Healthcare reform closed the gender gap

One of the most interesting effects of last week’s election was the closing of the gender gap. Since researchers began tracking male and female voting patterns in the early 1980s, women have consistently — and strongly — favored Democrats over Republicans. In fact, in the 2008 presidential election, women voted for Barack Obama over John McCain 56-43, a 13-point advantage.

But last week, all this changed. Women continued to vote in higher numbers than men, but support was evenly divided between the two parties. According to CNN’s National House Exit Poll, women favored Republicans, 49-48.

Political analysts love to debate what motivates female voters, but it’s clear the Democrats’ robust economic agenda did not fare well among women in 2010.

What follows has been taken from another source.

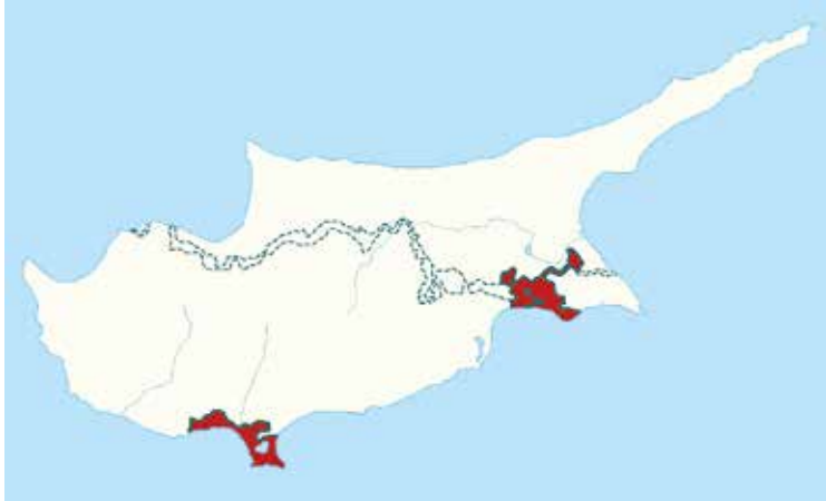
Rood ingekleurde legerbases: Akrotiri (links) en Dhekelia (rechts).

Samen beslaan de Britse legerbases drie procent van Cyprus. Naast militaire installaties zoals een vliegveld en afsluisterapparatuur omvatten ze ook woonwijken en landbouwgronden. Zestig procent van de bases is privé-eigendom. Veertig procent wordt gecontroleerd door het Britse ministerie van Defensie, deels als eigendom van de Britse kroon. De Royal Air Force gebruikt de bases o.a. als tussenstation voor vluchten naar het verre oosten en voor de opleiding en training van piloten. Voor alle duidelijkheid: Akrotiri en Dhekelia zijn géén en-

Specifically, the recent healthcare overhaul was the straw that broke the Democrats’ back. Some liberal feminist leaders like Terry O’Neill, president of NOW, claim they were disappointed that “the White House did not fight for women in healthcare” — by which she means they were angered by a provision in the law that restricts how private insurance companies offer abortion services.

But O’Neill is not representative of most female voters.

IWF tracked women throughout the healthcare debate and found they were overwhelmingly opposed to a government takeover of healthcare. Women oppose the healthcare law — and by extension President Obama and the Democrats in Congress — because they understand the legislation will not improve the lot of women — or men, for that matter.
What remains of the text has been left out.